## Task description
Everything below from the line with "Sepatu PDH Kulit" through the line with "Стильная кровать из" should be copied exactly, and nothing else; leave out the pictures.

### Recorded information ###

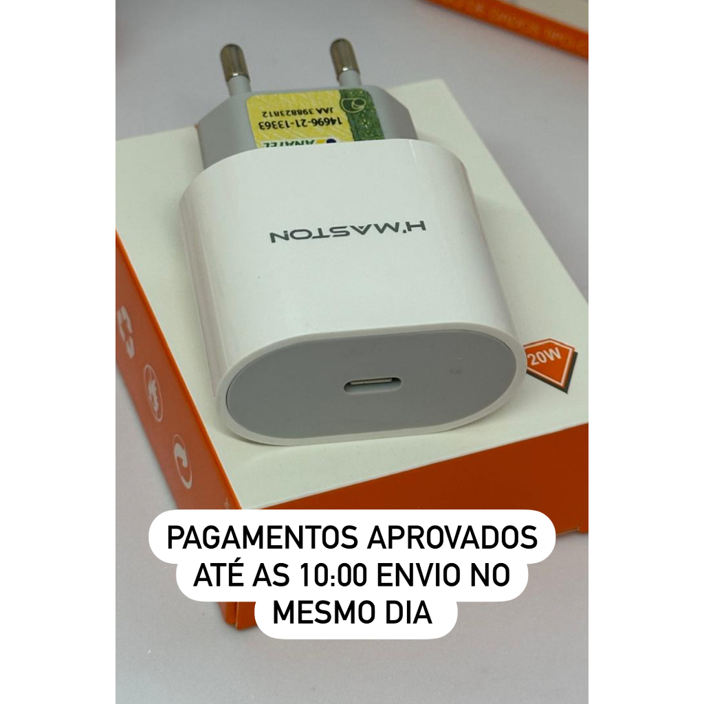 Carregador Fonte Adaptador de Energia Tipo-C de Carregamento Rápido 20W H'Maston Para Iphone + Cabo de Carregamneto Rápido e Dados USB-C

###
### Recorded information ###

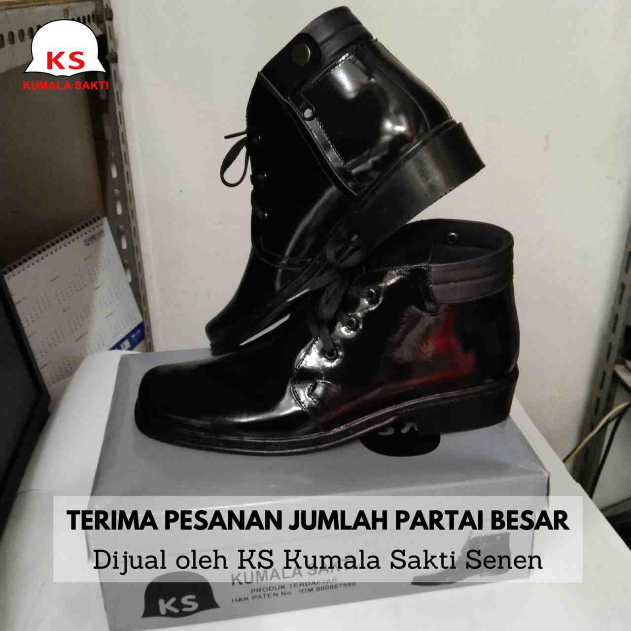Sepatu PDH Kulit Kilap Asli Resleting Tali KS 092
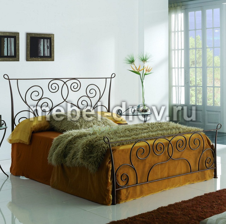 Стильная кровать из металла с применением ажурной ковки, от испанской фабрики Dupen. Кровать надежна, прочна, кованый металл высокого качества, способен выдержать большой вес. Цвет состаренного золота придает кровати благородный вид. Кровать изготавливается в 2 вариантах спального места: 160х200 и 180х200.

###

## Solution to the problem
Sepatu PDH Kulit Kilap Asli Resleting Tali KS 092
 Стильная кровать из металла с применением ажурной ковки, от испанской фабрики Dupen. Кровать надежна, прочна, кованый металл высокого качества, способен выдержать большой вес. Цвет состаренного золота придает кровати благородный вид. Кровать изготавливается в 2 вариантах спального места: 160х200 и 180х200.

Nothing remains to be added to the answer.